In the past several years, the treatment options for patients with refractory MM have advanced dramatically due to the emergence and approval of pharmaceuticals such as immunomodulatory drugs (IMiDs; e.g., lenalidomide and pomalidomide), proteasome inhibitors (e.g., bortezomib, carfilzomib, and ixazomib), and monoclonal antibodies (e.g., elotuzumab, daratumumab, and isatuximab) [1,6,7,8,9,10]. Many clinical trials of immunotherapies for MM are ongoing, with a particular focus on IMiDs, monoclonal antibodies, bispecific antibodies, immune checkpoint inhibitors, and chimeric antigen receptor (CAR) T-cell therapy. Several molecules have been selected as candidate targets for MM immunotherapies, including signaling lymphocytic activation molecule (SLAM) family 7 (SLAMF7) and CD38, which are targeted by elotuzumab and daratumumab/isatuximab, respectively, and other cell-surface antigens such as B-cell maturation antigen (BCMA), CD56, CD138, CD74, interleukin (IL)-6 receptor, vascular endothelial growth factor (VEGF), and activated conformation of integrin β7 [11,12,13].

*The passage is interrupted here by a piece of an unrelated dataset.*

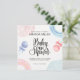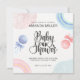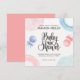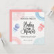 Jouets pour bébé rose et bleu mignons, illustration aquarelle, invitation à une baby shower. Typographie gris foncé personnalisable sur fond blanc.
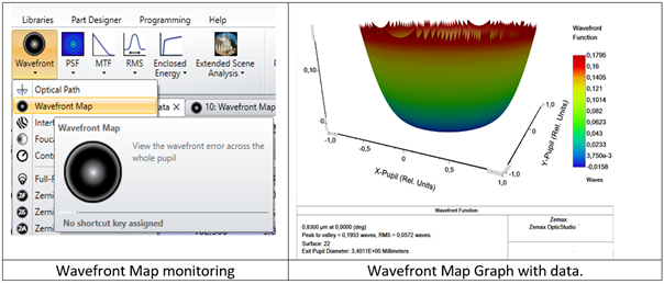 第一項分析可以通過分析Shack-Hartmann入口處的波前(surface 22)來進行。波前圖展示了歸一化出射光瞳的波前與表面22處的平面波之間的波差異。這些數(shù)據(jù)可以根據(jù)波前圖功能區(qū)中顯示的出瞳直徑(以毫米為單位)和系統(tǒng)選項中使用的波長進行縮放。波前圖功能區(qū)可以顯示波前均方根 (RMS) 值和峰谷值 (PV)。

Promising therapeutic target antigens for MM must have the following characteristics: (1) specific or strong expression on the surfaces of MM cells relative to normal immune cells and tissues; (2) expression on MM progenitor cells or cancer stem cells but not on normal hematopoietic stem cells (HSCs) and hematopoietic progenitor cells (HPCs); (3) constitutive strong expression, regardless of disease progression or treatment; and (4) an association with the biological functions or molecular pathogenesis of MM (e.g., cell survival and growth, antiapoptotic responses, angiogenesis, cell–cell communications, and interactions with BM stromal cells). Therefore, an understanding of the expression and biological functions of these molecules in MM is important to support the development of novel therapeutic targets and the prevention of treatment-related side effects.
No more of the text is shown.